Major road in Marawi. STORY: Marawi folk see hope in compensation law

RECONSTRUCTION | A major road leading to the heavily damaged city center of Marawi, the main battleground during the 2017 siege, is among the first to be reconstructed in the government-led rehabilitation of the Lanao del Sur provincial capital. (File photo by RICHEL V. UMEL / Inquirer Mindanao)

Leaders of residents displaced by the Marawi City siege in 2017 and groups supporting them lauded the signing by President Rodrigo Duterte of the Marawi compensation law, saying this would help hasten the rehabilitation and economic recovery of the Lanao del Sur provincial capital.

Fedelinda Tawagon, president of Dansalan College and a member of the Marawi Reconstruction Conflict Watch (MRCW), said the law would help “rekindle our hope for a better future.”

Communications Secretary and acting presidential spokesperson Martin Andanar announced on Wednesday that the President had signed Republic Act No. 11696, which provides compensation to people whose properties were destroyed and who lost their loved ones during the five-month siege by Islamic State-linked militants five years ago.

Also entitled to receive compensation were those whose properties were demolished during the implementation of the Marawi Recovery, Rehabilitation and Reconstruction Program, including the search for and recovery of unexploded ordnance.

Justice, equal priority

Andanar said Mr. Duterte signed the measure on April 13, two days before it would have lapsed into law.
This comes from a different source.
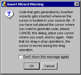 Check "Show a warning message prior to every running insertion wizard?" if you want to be reminded to set the cursor where code will be generated. If checked, the following message will appear each time you insert code using a wizard:
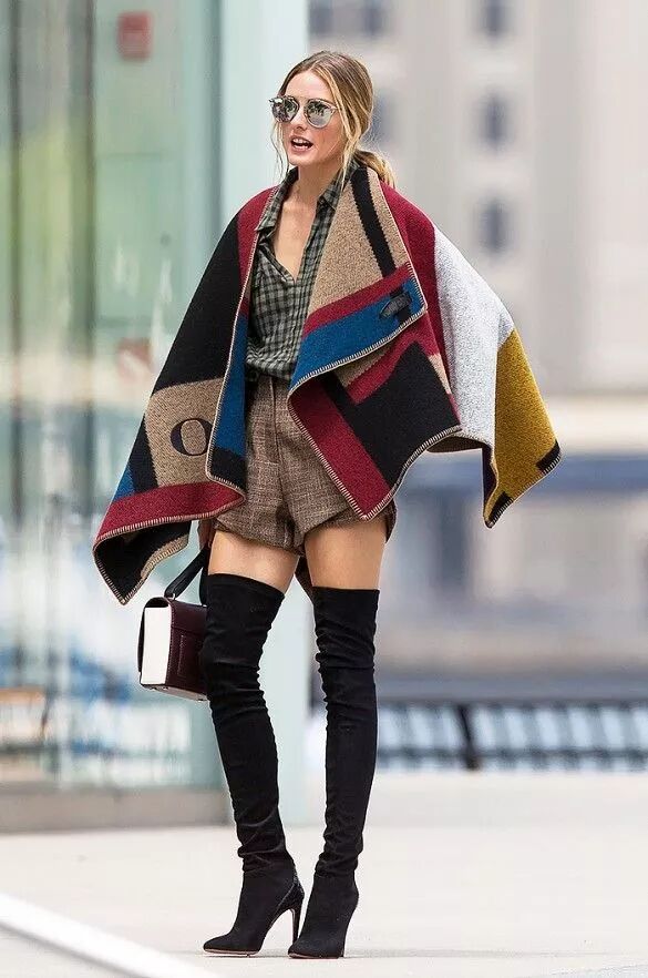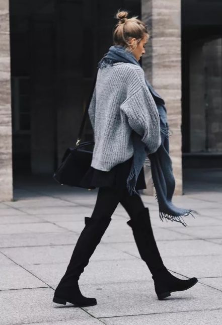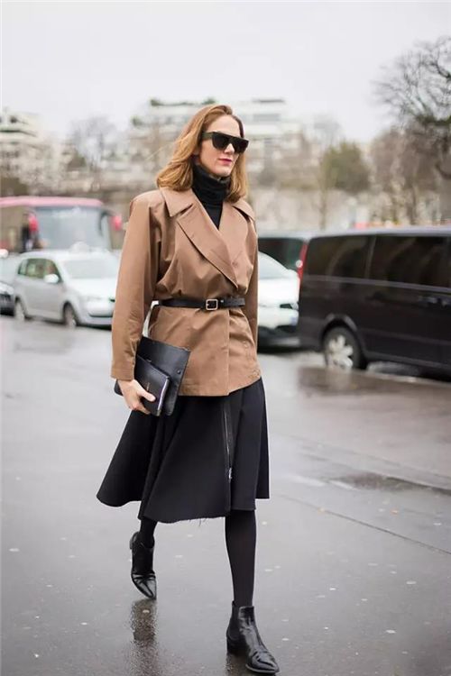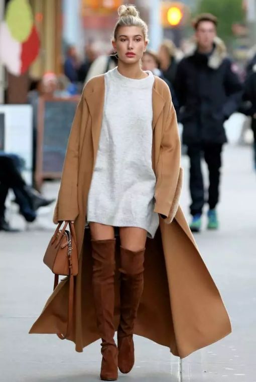 而如果擔心牛仔褲與過膝長靴容易將腿部比例分割成兩截,那麼直接用同色小黑褲搭過膝長靴,就可以穿出無敵大長腿。

According to Saripada Pacasum Jr., convener of Lanao del Sur Early Response Network, the law is expected to “jumpstart recovery of the people of Marawi.”
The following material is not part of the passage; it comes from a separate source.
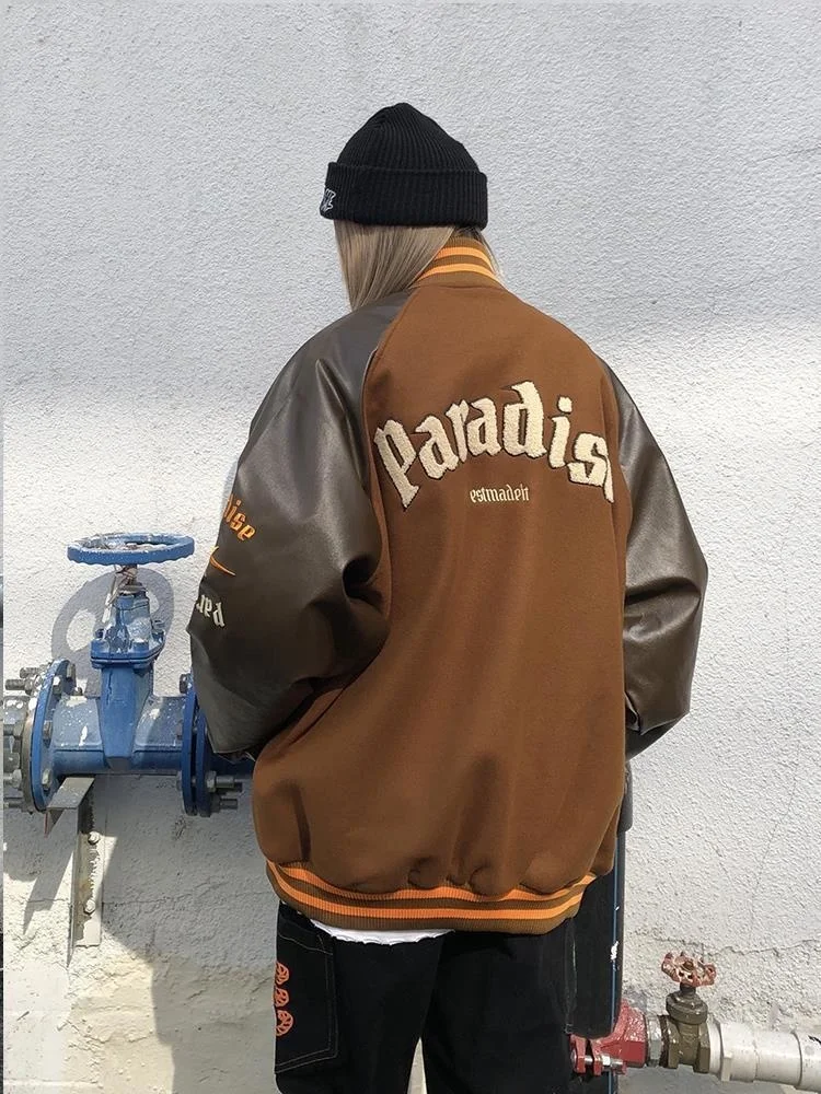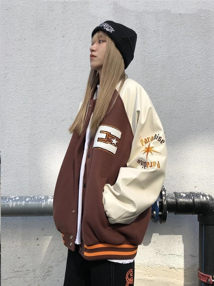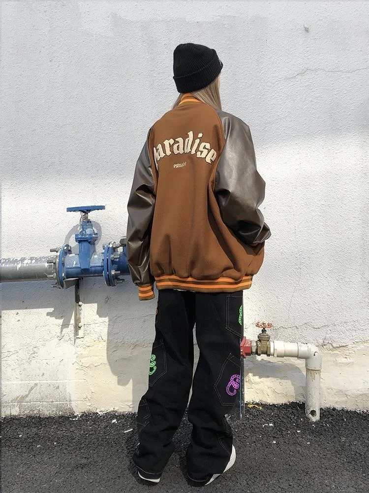 Осень PU Лоскутная Вышивка куртка женская 2021 уличная Свободная куртка с длинным рукавом Женская бейсбольная куртка размера плюс

“With the President’s signing of this law, he delivered justice and equal priority to the Maranaos who have lost and sacrificed so much in the past five years,” Pacasum said.
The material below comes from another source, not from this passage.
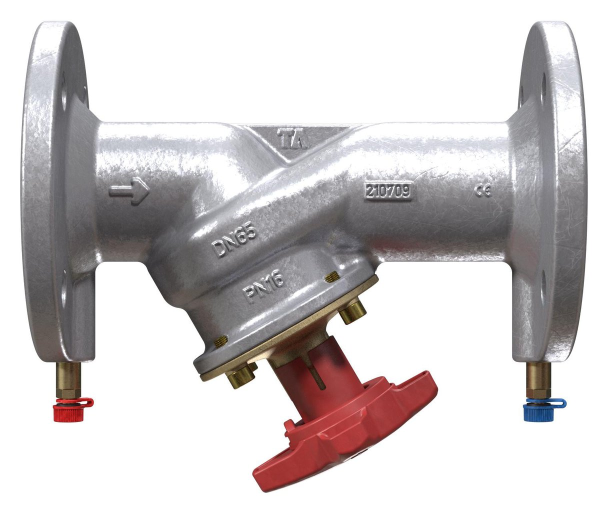 Strengreguleringsventil med flange tilslutninger for flow- og trykmåling. Anvendes i cirkulationssystemer for køle- og varmeanlæg.

MRCW member Jalilah Sapiin said the compensation would provide the financial means for displaced families to recover from the devastation brought by the war in 2017.

A government profiling in 2018 counted more than 15,000 families who were displaced from 24 villages in the city center that comprise what is now called the “most affected area” (MAA) of the battles. Of them, less than 3,000 had applied for building permits and only a few hundred were able to actually build their houses.

Under the new law, compensation will be for properties in the MAA, comprising 24 villages, and eight villages classified as “other affected areas.”

The fair market value of land and lost personal properties and the replacement cost of destroyed structures are the general bases for providing compensation, which will be tax-free.

National budget

A Marawi Compensation Board had to be organized to oversee the process. The funds for compensation will come from the annual budget of the national government.

“When we started the struggle and fight for the rights of Marawi siege victims and survivors, it was an uphill climb all the way. We never even thought we would witness this day come. But we did,” recalled Dr. Rolanisah Dipatuan-Dimaporo, another MRCW member.

Tawagon described the law as “a moral and legal victory for the Meranaw IDPs whose lives have been suspended in the long process of rehabilitation and recovery of Marawi City and its people.”